Segundo um estudo da Embrapa Cerrados, que a colheita da cultura pode render até 15 toneladas por hectare em matéria seca ou duas toneladas/hectare no caso de grãos. Em mato Grosso do Sul, o pesquisador da unidade Gado de Corte, Alexandre Giova, reforça o duplo benefício de utilizar o feijão guandu na dieta do rebanho. 

“A silagem é uma tendência estabelecida e utilizada por 90% dos sistemas de confinamento, para terminação de animais destinados a engorda. Tenho pesquisado a utilização desta leguminosa há algum tempo e já verifiquei o potencial de rentabilidade na produção de silagem. Outro fator importante é que este cultivar transfere nitrogênio para o solo, proporcionando uma dupla função: oferecer nutrição de qualidade e realização de um manejo eficiente do solo, que na região possui característica predominantemente arenosa”, explica. 

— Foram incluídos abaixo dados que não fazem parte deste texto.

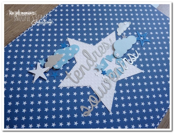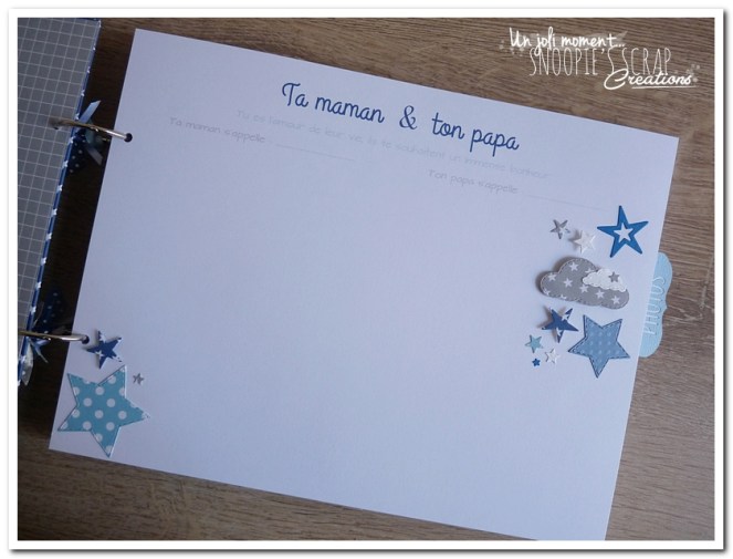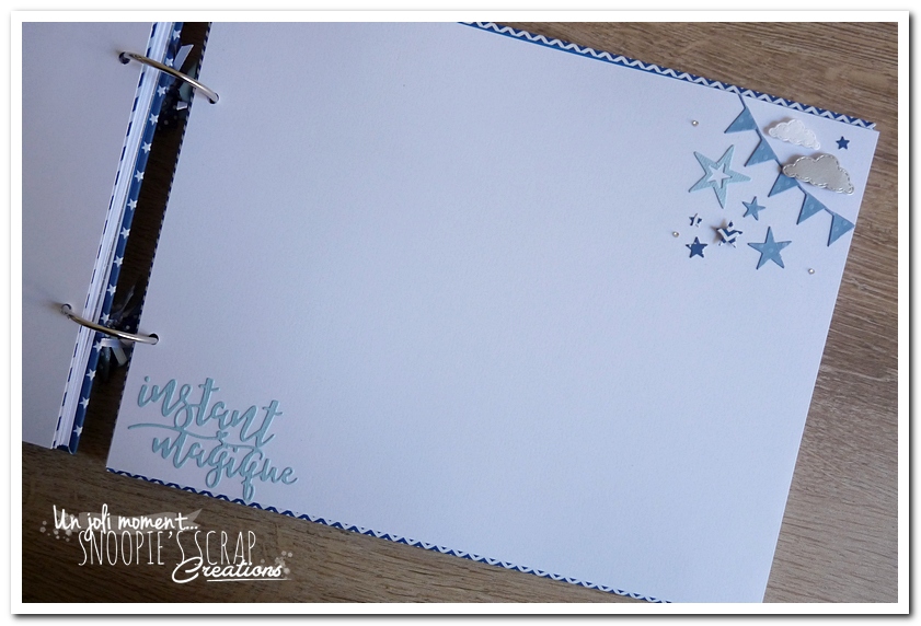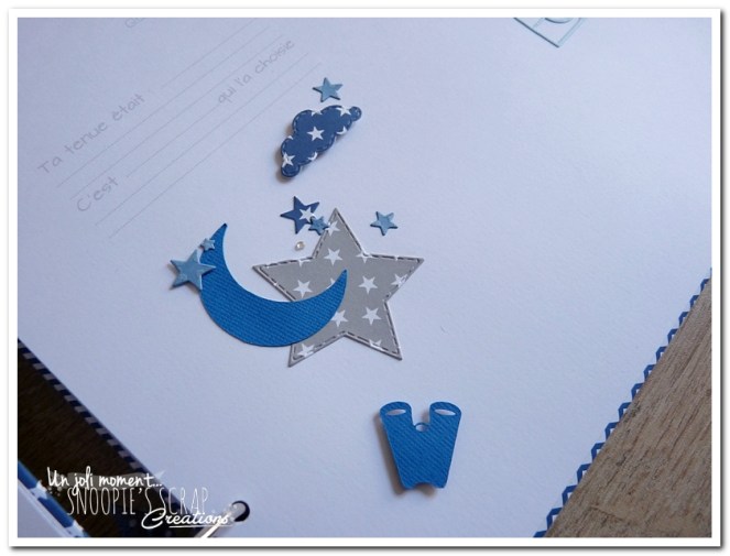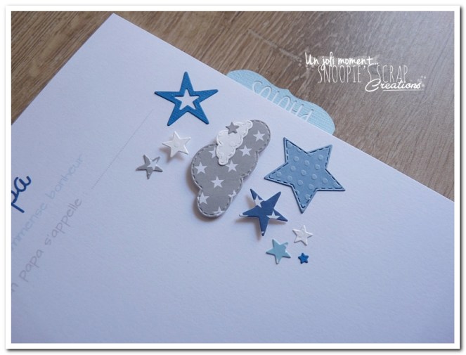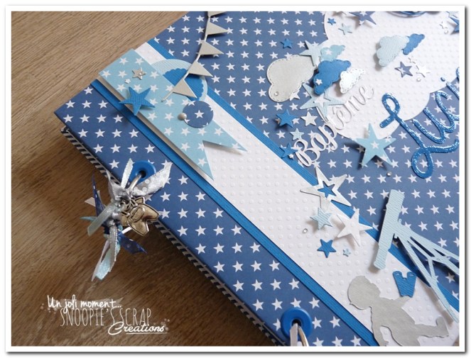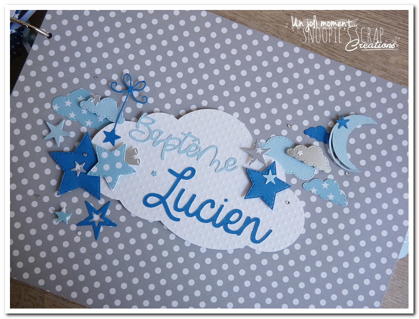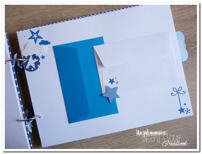 Baptême Manoa Léana Leana livre d’or, baptême, parrainage civil, mariage, pacs, argent, bleu ciel, bleu pâle, bleu clair, turquoise, argent, gris, blanc, nuages, rubans, fanions, étoiles, lune, ciel, Ninon, Lucien, astronomie, jumelles, télescope…

Para o agrônomo Leandro Silveira, além da vantagens obtidas na alimentação, a uso do feijão no pasto refletiu no aumento da taxa de lotação da propriedade. “O monitoramento realizado junto ao produtor, comprovou que no período de um ano, a taxa de lotação aumentou de 0,7 para 3 animais por hectare. Na prática, isso significa que as áreas possuem mais pasto e diminuição nos índices de degradação, visto que é comprovada a capacidade de fixação de nitrogênio oferecida pelas raízes do guandú”, acrescenta.